It’s finally March and spring is definitely in the air. The weather in my neck of the woods has been really nice and I am so ready to ditch my heavy winter coat. This morning, I did just that. As I was slipping into my lighter, more stylish spring trench, I was slapped in the face with a cruel, harsh reality. It. Would. Not. Button. True life: my coat doesn’t fit. I realized what I feared to be true and what that nagging voice in the back of my head has been screaming at me since the beginning of 2018. Girl, you have gained a few. Let’s be honest, more than a few if I can’t button my trench. Simply put: I love food and large portion sizes. As it turns out, I also love a glass of wine, beer and the occasional cocktail. What I don’t love is going to the gym. I just don’t. Life has been busy, it has not been a priority and I’d just rather be…doing anything else.
I could make excuses. I could feed you a line about how I’ve been extremely stressed, had a baby (sorry Mom, I did not) or broke my leg playing intramural basketball, but none of it would be true. The cold hard fact is that I have been shoveling chips and guac into my pie hole by the fist-full for a good solid six weeks and that kind of out of control behavior has got to stop. So, I signed up for Weight Watchers this morning. It’s time to get serious because clearly whatever I am eating is not doing my waistline any favors. Also, if it’s good enough for Oprah, it’s good enough for me.
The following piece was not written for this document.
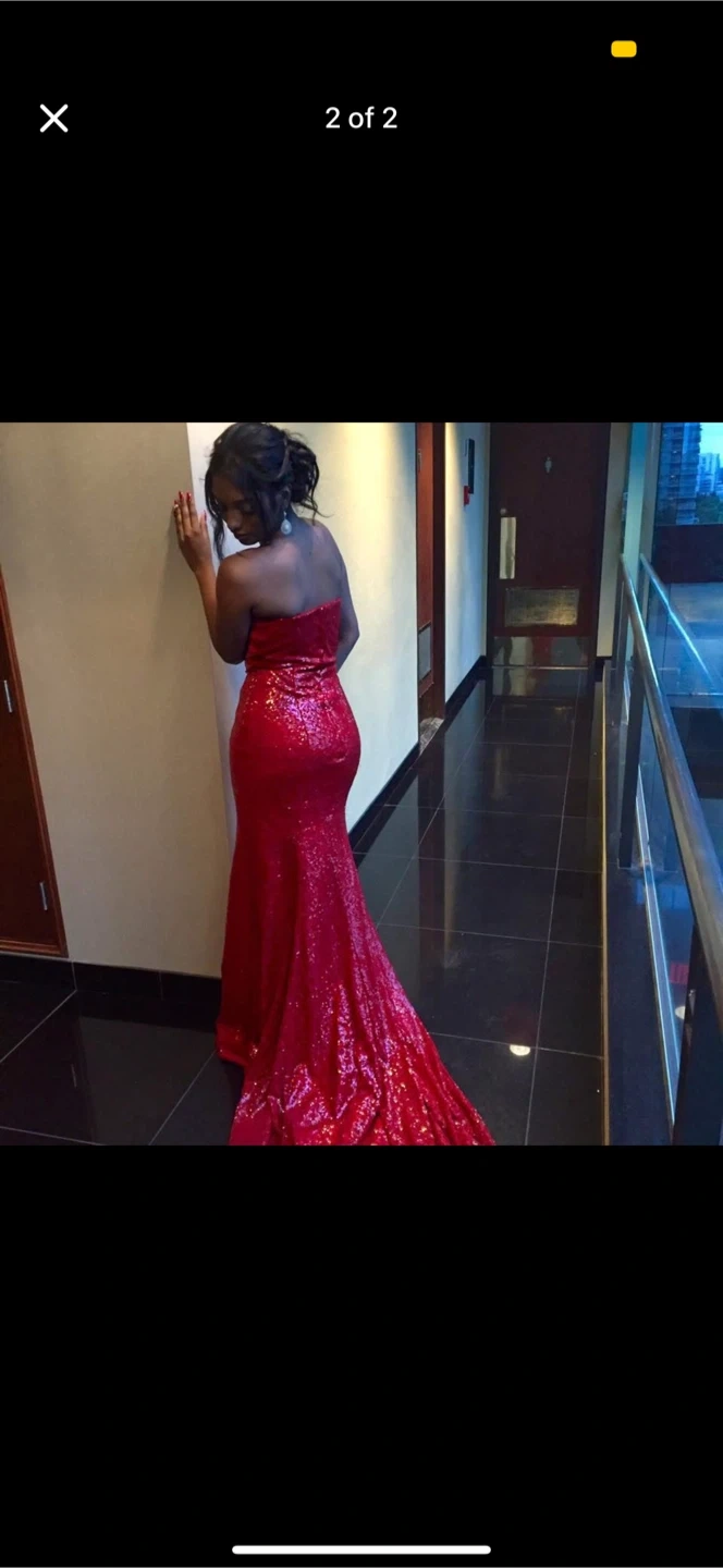 Red Sequin Grad Dress (strapless, sweetheart neckline) Size 0-2

It is also worth noting that I have made significant mental progress as it relates to my weight. If this would have happened a year ago, I would be spazzing out and in the middle of a total mental breakdown, sobbing on my kitchen floor with full blown Alice Cooper eyes. The truth is, I have been dieting since high school. That’s right, high school. I lost about 20 pounds around my junior year and then proceeded to yo-yo my way through college. I was pretty thin in my mid 20’s, although I had horrible eating habits and stepped on the scale daily. I was constantly chasing a smaller number on the scale. If I could just get down to this certain number, I would be happier. If I was down two pounds, I was on cloud nine. But if I was up two pounds, it was the end of the world. Another bout of yo-yoing continued into my 30’s. It wasn’t a huge swing of 50 pounds, but yo-yoing nonetheless. Then I got engaged to a man who could literally care less about the number that appears when I step onto that disgusting day ruiner.
I have since learned that I am one of those people who gains weight when I’m happy. In those moments, I don’t care so much about my weight or the scale. In those moments, I’m truly enjoying life and definitely not paying attention to what I’m shoveling into my mouth two at a time. Trust me when I say if I eat an entire row of Samoa Girl Scout cookies, it is because I’m celebrating the pure joy that is caramel, chocolate and coconut combined.
I really hesitated to share this with you today. Not to worry, this blog is not about to become a weight loss diary, but I know a lot of us share the same struggles in life. So to those that can relate – you are not alone. It happens to the best of us. Maybe you’ve gained a few pounds. SO WHAT!?! Haven’t we all from time to time? You have two choices – own it or get back on the wagon! I’ll still love you no matter you decide.